Scraping different kinds of images


#1

Has anyone experience with scraping different invoices (images) and then setting the rules to read varibales from it? The problem is that there are 15 different kinds of invoices and these variables are on different areas on each invoice. Is there a way how the robot recognizes on which kind of invoice it is? Lets say based on what it looks like. Or the only way is to identify key words?


#2

I maybe wrong. But just give this a try.

  1. for every type of PDF that is visually similar, you can have a unique identifier (which can be the same image at different locations or completely different images in each or texts)

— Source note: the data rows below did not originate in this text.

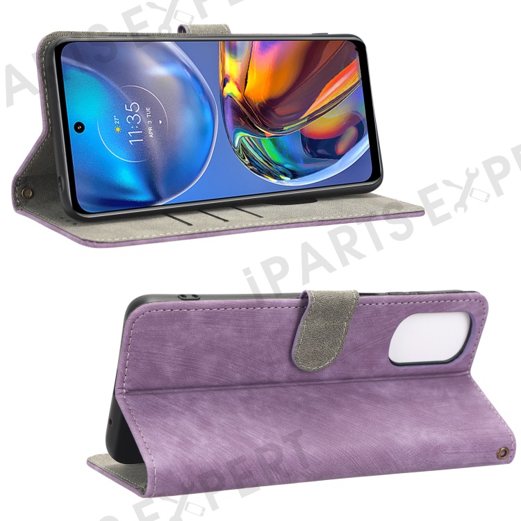 For Motorola Moto E32 4G Cell Phone Case PU Leather RFID Blocking Magnetic Full Protection Phone Cover with Wallet Stand - Purple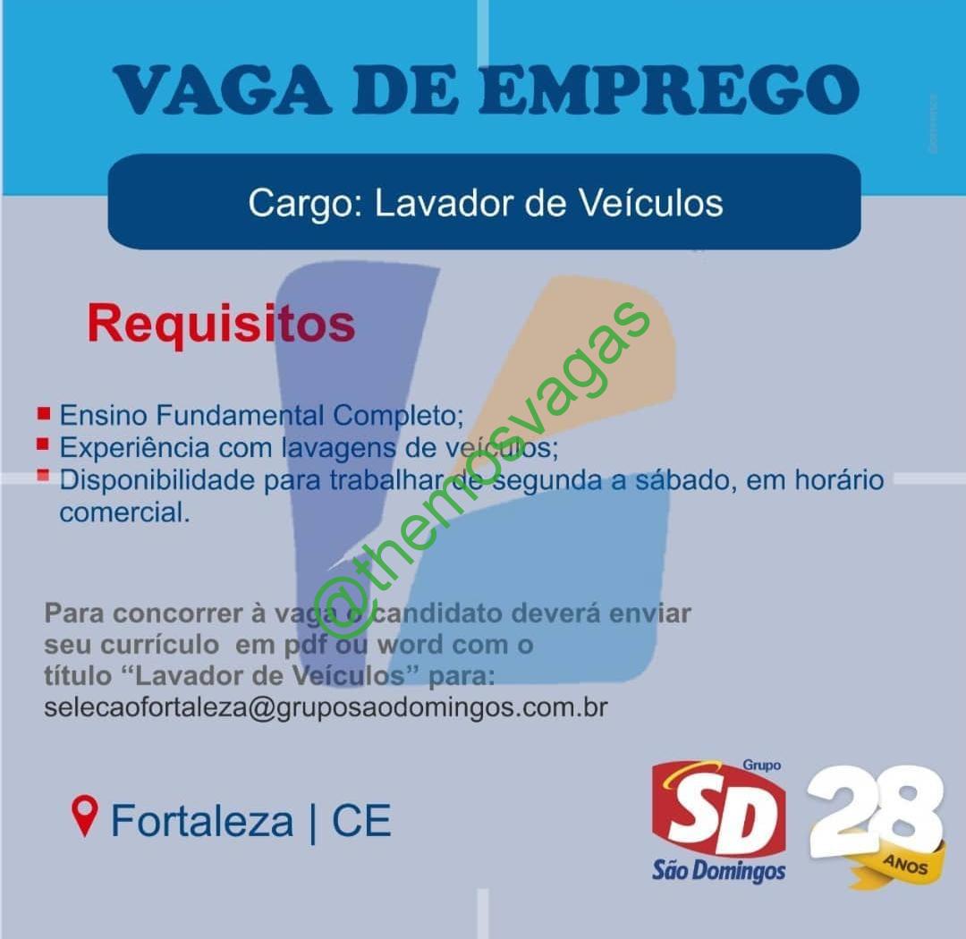 – Interessados(as) e que atendam ao perfil solicitado acima, devem enviar o currículo para o e-mail selecaofortaleza@gruposaodomingos.com.br, contendo no título/assunto “Lavador de Veículos – FOR“.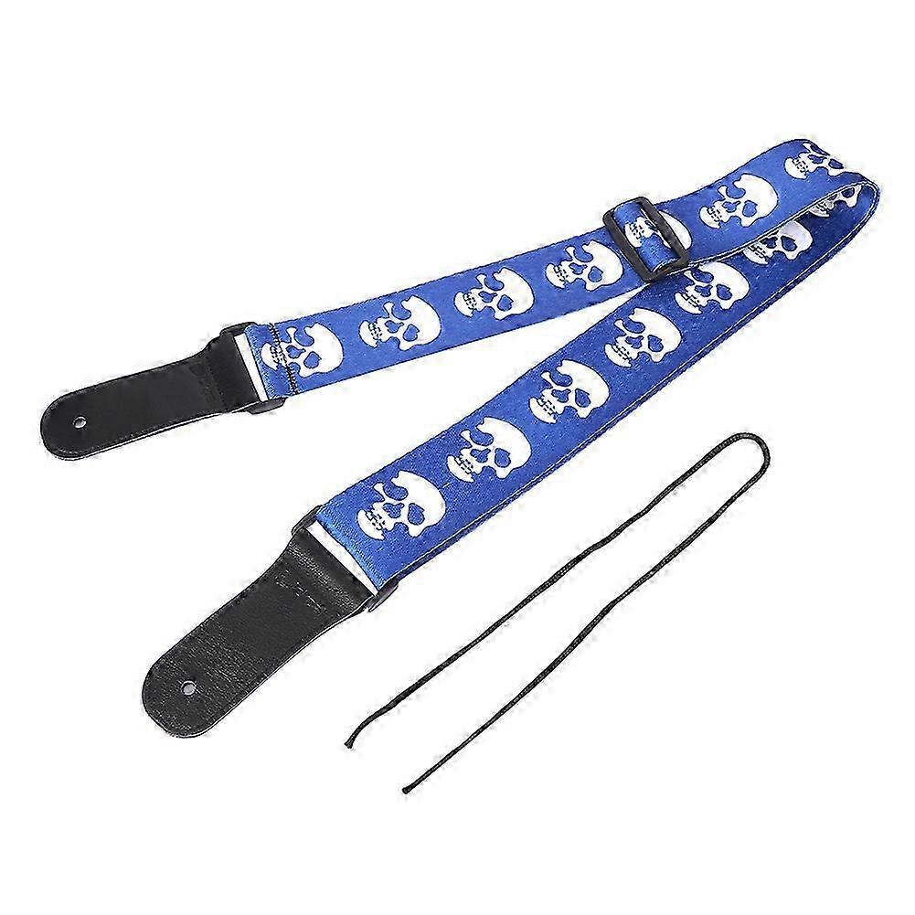 Guitar Strap Acoustic Electric Bass Ukulele Belt Adjustable Skull Pattern Leather HeadBlue

  2. For an example, if we have two types. In one, we have the logo at the left top and the other right top. Here we can find image-> imagefound.GetAbsolutePosition() can be used as parameters to differentiate between the two PDF types.


#3

Thank you very much.

The problem is that there is only text on them. But the form is very different.


#4

Did you try using unique form element as an identifier?


#5

No I have not. WHat is that?


#6

I’m pretty sure thare are parts of the invoices that are similar enough to find the “type”. But it’s very hard to tell without examples. Could you upload 2-3 examples of a single type of invoice?


#7

Unique form element can be anything that is unique to a particular form.
The first question in one type can be name and it can be the unique identifier.
In another type the first question could be Age.

So you will have to analyse the PDFs and first find an identifier before trying to automate.